I haven't been able to find whether this actually causes anything bad,
but when I started digging into SANITIZE=leak failures I found that this
change made t6435-merge-sparse.sh flaky in the v2.36.0 release when
compiled with SANITIZE=leak.

I.e. it "should" fail, but with 8d60e9d2010 (merge-ort: fix small memory
leak in detect_and_process_renames(), 2022-02-20) it will sometimes
succeed.

I bisected it between 2.35.0..2.36.0 with:

	git bisect run sh -c 'make SANITIZE=leak && (cd t && ! (for i in $(seq 1 20); do ./t6435-merge-sparse.sh >/dev/null && echo $? || echo $?; done | grep -q 0))'

I.e. "fail if we succeed" (there's some redundancy in the ad-hoc
one-liner). Manually debugging it with:
	
	diff --git a/dir.c b/dir.c
	index d91295f2bcd..3e860769c26 100644
	--- a/dir.c
	+++ b/dir.c
	@@ -878,6 +878,8 @@ void add_pattern(const char *string, const char *base,
	 	unsigned flags;
	 	int nowildcardlen;
	 
	+	fprintf(stderr, "adding pattern %s\n", string);
	+
	 	parse_path_pattern(&string, &patternlen, &flags, &nowildcardlen);
	 	if (flags & PATTERN_FLAG_MUSTBEDIR) {
	 		FLEXPTR_ALLOC_MEM(pattern, pattern, string, patternlen);

Turns up this odd case, i.e. we "should" fail at the end of the "setup"
in this bit of test code:

	[...]
        test_commit_this ours &&
        git config core.sparseCheckout true &&
        echo "/checked-out" >.git/info/sparse-checkout &&
        git reset --hard &&
        test_must_fail git merge their

Here we leak in "git reset", so we "should" get a leak like:
	
	[...]	
	+ git tag ours
	+ git config core.sparseCheckout true
	+ echo /checked-out
	+ git reset --hard
	adding pattern /checked-out
	adding pattern /checked-out
	adding pattern /checked-out
	HEAD is now at 3dfe889 ours
	
	=================================================================
	==25385==ERROR: LeakSanitizer: detected memory leaks
	
	Indirect leak of 512 byte(s) in 1 object(s) allocated from:
	    #0 0x7f9652ef50aa in __interceptor_calloc ../../../../src/libsanitizer/lsan/lsan_interceptors.cpp:90
	    #1 0x6ab6dc in xcalloc /home/avar/g/git/wrapper.c:140
	    #2 0x58e5ac in alloc_table /home/avar/g/git/hashmap.c:79
	    #3 0x58e8e9 in hashmap_init /home/avar/g/git/hashmap.c:168
	    #4 0x569808 in add_patterns_from_buffer /home/avar/g/git/dir.c:1136
	    #5 0x5697a1 in add_patterns /home/avar/g/git/dir.c:1124
	    #6 0x56996a in add_patterns_from_file_to_list /home/avar/g/git/dir.c:1164
	    #7 0x56e0b2 in get_sparse_checkout_patterns /home/avar/g/git/dir.c:3273
	    #8 0x56a240 in init_sparse_checkout_patterns /home/avar/g/git/dir.c:1451
	[...]
	
That's consistent with what I see before, but sometimes it'll succeed
like this:

	[...]		
	+ git tag ours
	+ git config core.sparseCheckout true
	+ echo /checked-out
	+ git reset --hard
	adding pattern /checked-out   
	HEAD is now at 3dfe889 ours   
        [...]

I.e. for some reason the same "reset --hard" now adds one, not three
patterns (which before were all identical).

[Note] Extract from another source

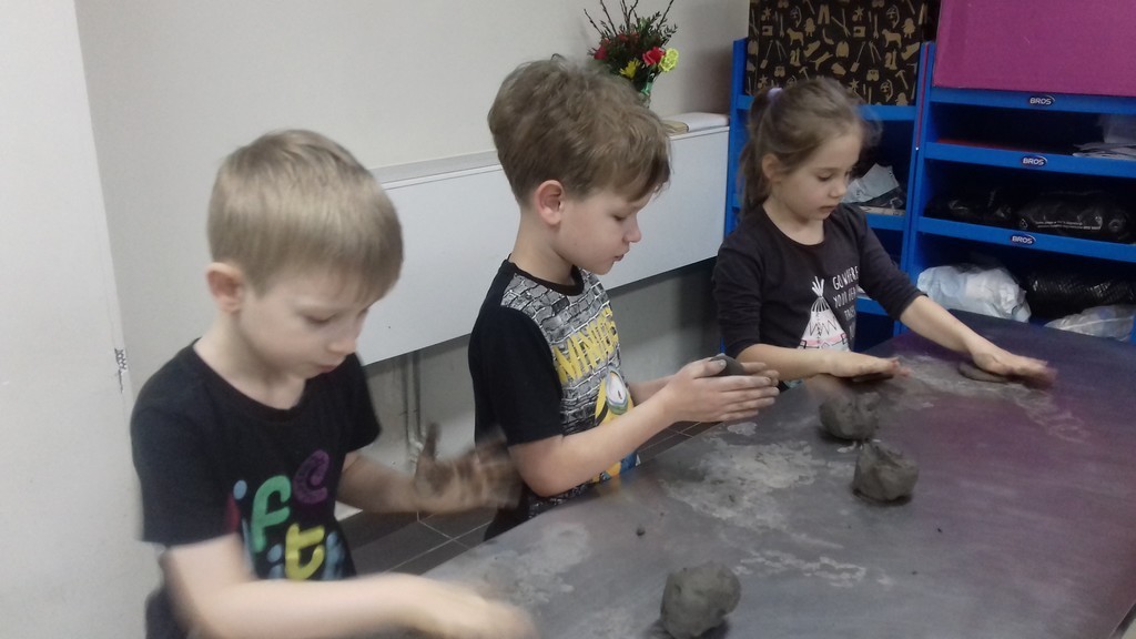 19 kwietnia naszym celem stało się Muzeum w Lęborku. Tutaj, pierwszoklasiści spędzili czas w nie mniej ciekawy sposób. Podczas warsztatów poznaliśmy kolejne z zanikających rzemiosł rękodzielniczych, jakim jest garncarstwo. Uczniowie własnoręcznie metodą wałeczkową i wygniatania wykonali z gliny naczynia codziennego użytku. Warsztaty wpłynęły zarówno na rozwój zdolności manualnych dzieci, jak również na wzbogacenie wiedzy w informacje historyczne.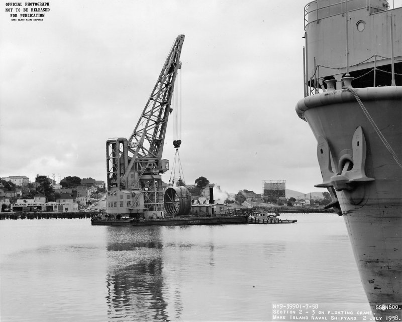 YD-33 transporting a hull section of SSGN-600 (later Theodore Roosevelt (SSBN-600) from berth 15 to the building ways at Mare Island, 2 July 1958. The bow of USS ARD-32 is at right. Mare Island Naval Shipyard photo # 39901-7-58 |

Now, the "flaky success" with SANITIZE=leak does appear to be new in
8d60e9d2010, but before that running this in a loop reveals that the 2nd
test sometimes succeeds, so perhaps the underlying "issue" isn't new.

I say "issue" because I haven't dug enough to see if this has any impact
on anything, and the failure I discovered doesn't per-se matter now.

But perhaps this observed indeterminism is pointing the way to some
deeper bug here? Or maybe it isn't...
diff mbox series

Patch

diff --git a/merge-ort.c b/merge-ort.c
index d85b1cd99e9..3d7f9feb6f7 100644
--- a/merge-ort.c
+++ b/merge-ort.c
@@ -3086,12 +3086,11 @@  static int detect_and_process_renames(struct merge_options *opt,
 				      struct tree *side1,
 				      struct tree *side2)
 {
-	struct diff_queue_struct combined;
+	struct diff_queue_struct combined = { 0 };
 	struct rename_info *renames = &opt->priv->renames;
-	int need_dir_renames, s, clean = 1;
+	int need_dir_renames, s, i, clean = 1;
 	unsigned detection_run = 0;
 
-	memset(&combined, 0, sizeof(combined));
 	if (!possible_renames(renames))
 		goto cleanup;
 
@@ -3175,13 +3174,9 @@  simple_cleanup:
 		free(renames->pairs[s].queue);
 		DIFF_QUEUE_CLEAR(&renames->pairs[s]);
 	}
-	if (combined.nr) {
-		int i;
-		for (i = 0; i < combined.nr; i++)
-			pool_diff_free_filepair(&opt->priv->pool,
-						combined.queue[i]);
-		free(combined.queue);
-	}
+	for (i = 0; i < combined.nr; i++)
+		pool_diff_free_filepair(&opt->priv->pool, combined.queue[i]);
+	free(combined.queue);
 
 	return clean;
 }